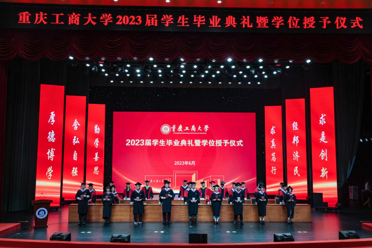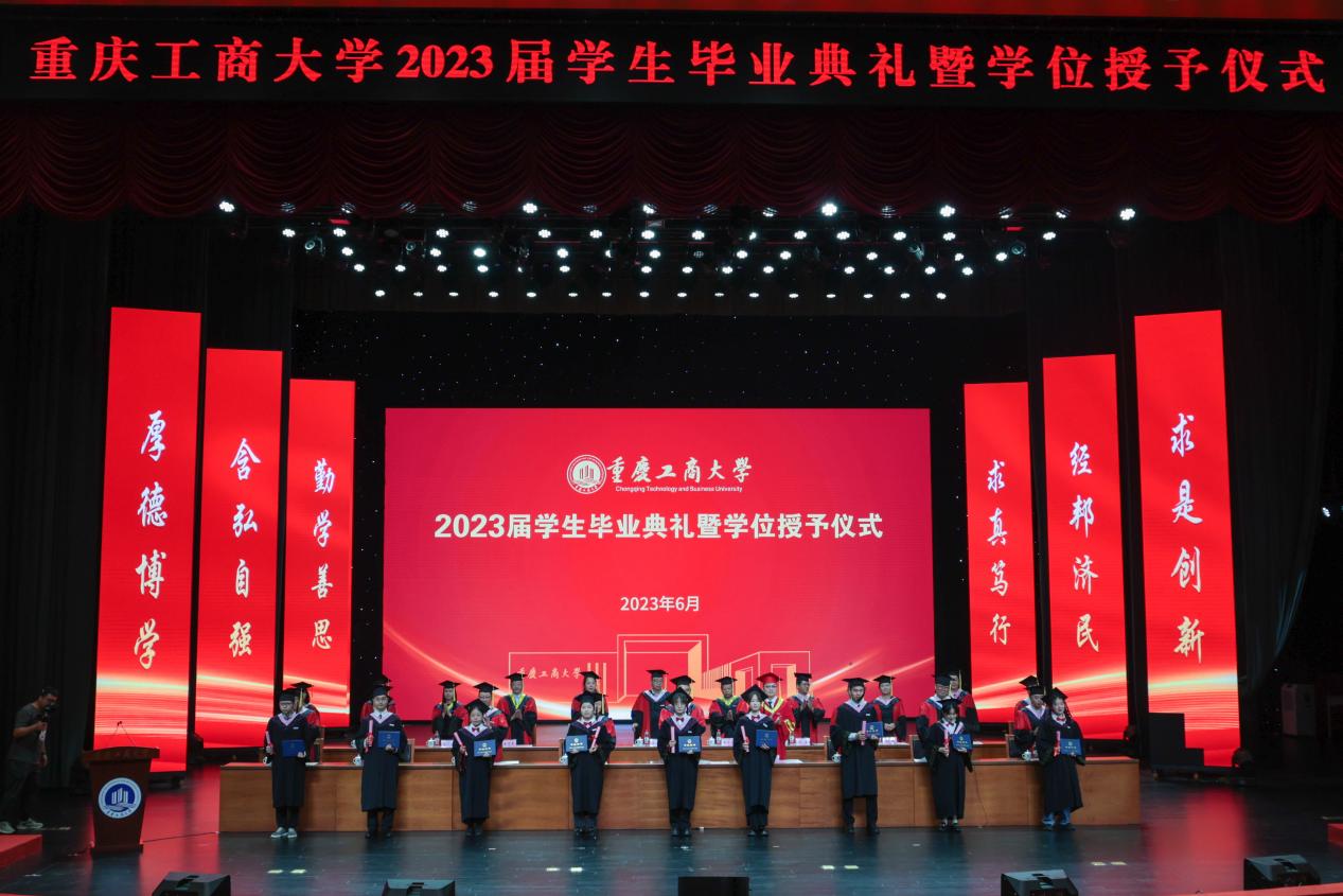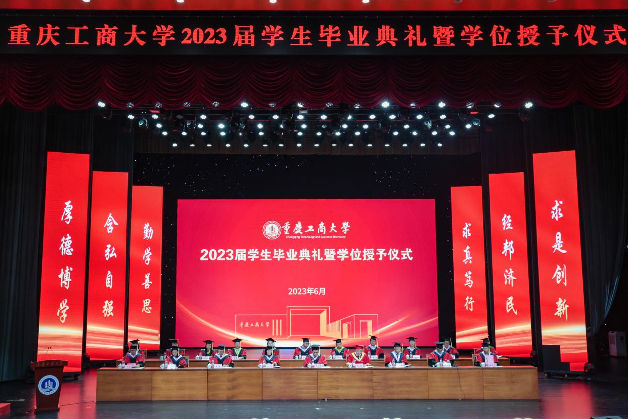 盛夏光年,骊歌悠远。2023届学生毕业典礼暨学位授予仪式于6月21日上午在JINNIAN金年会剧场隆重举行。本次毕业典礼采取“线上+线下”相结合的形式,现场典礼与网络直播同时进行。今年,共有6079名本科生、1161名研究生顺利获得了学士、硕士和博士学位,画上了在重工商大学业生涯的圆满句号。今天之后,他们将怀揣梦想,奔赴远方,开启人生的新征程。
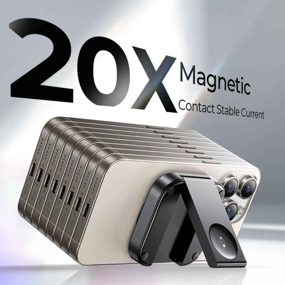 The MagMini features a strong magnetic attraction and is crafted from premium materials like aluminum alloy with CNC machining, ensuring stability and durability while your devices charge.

---

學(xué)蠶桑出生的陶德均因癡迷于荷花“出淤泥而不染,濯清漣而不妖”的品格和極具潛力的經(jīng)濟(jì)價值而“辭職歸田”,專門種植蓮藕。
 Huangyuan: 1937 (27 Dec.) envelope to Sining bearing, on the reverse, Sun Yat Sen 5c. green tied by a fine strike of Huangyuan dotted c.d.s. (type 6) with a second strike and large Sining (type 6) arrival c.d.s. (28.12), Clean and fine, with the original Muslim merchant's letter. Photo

» **TASK**: All that is wanted is the stretch of lines above from the one containing "學(xué)蠶桑出生的陶德均" through the one containing "Huangyuan: 1937 (27", duplicated exactly.

» **RESPONSE TO THE EXERCISE**:
學(xué)蠶桑出生的陶德均因癡迷于荷花“出淤泥而不染,濯清漣而不妖”的品格和極具潛力的經(jīng)濟(jì)價值而“辭職歸田”,專門種植蓮藕。
 Huangyuan: 1937 (27 Dec.) envelope to Sining bearing, on the reverse, Sun Yat Sen 5c. green tied by a fine strike of Huangyuan dotted c.d.s. (type 6) with a second strike and large Sining (type 6) arrival c.d.s. (28.12), Clean and fine, with the original Muslim merchant's letter. Photo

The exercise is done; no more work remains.